What is the best way to compare PDF / Excel Files using Test Complete?

What is the best way to compare the content, format, size and timestamp of two pdf/excel files.

Please include a screenshot of the reports generated by your solution if possible.

 

Thanks,

2 Replies

  • AlexKaras's avatar
    AlexKaras
    Champion Level 3

    Hi,

     

    Both file formats that you mentioned are containers for different data (mentioned by you as well: text, pictures, formulas, etc.) and thus there is no best way to compare them.

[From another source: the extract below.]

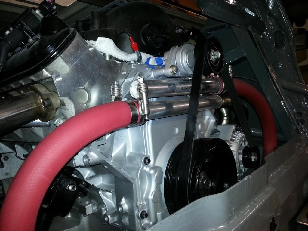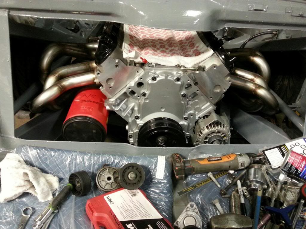 compressor. I've seen a number of compressors that will fit the space represented by the coffee (red) plastic container. I am also looking for a power steering pump to put in the center above the crank shaft pulley to act as a pump and an adjuster. I was able to install the alternator quite easily, it didn't fit but was close. I had to cut a small amount off the case of the unit and refit one of the 3 housing bolts. Having done that it fits tight & keeping it low as I can. Trying to keep everything mounted as low as I can on this build as overall CG is paramount to me. http://i60.photobucket.com/albums/h3...15_resized.jpg http://i60.photobucket.com/albums/h3...32_resized.jpg http://i60.photobucket.com/albums/h3...50_resized.jpg |

Everything depends on your actual needs.

    In the simplest case when you need to compare only the text, you may extract the text from the file (for example, using the PDFBox library for pdf files or using the SaveAs functionality of Excel and saving to cvs file for Excel), pre-process the obtained text to exclude dynamic information you are not interested in (e.g. date when the document was generated)  and do comparison.

    Also, you may open document in its native application (PDF Reader or Excel), take screenshots and compare them with the expected baseline using some third-party provider (e.g. https://applitools.com/).

    In the complex cases when you need, for example, to compare formulas from Excel file, you will need to resort to the object model of the given file (e.g. Excel Object model) and to use it to get access to the elements that you need to work with.

    All above topics were discussed here several times and you may search for them for more ideas/approaches.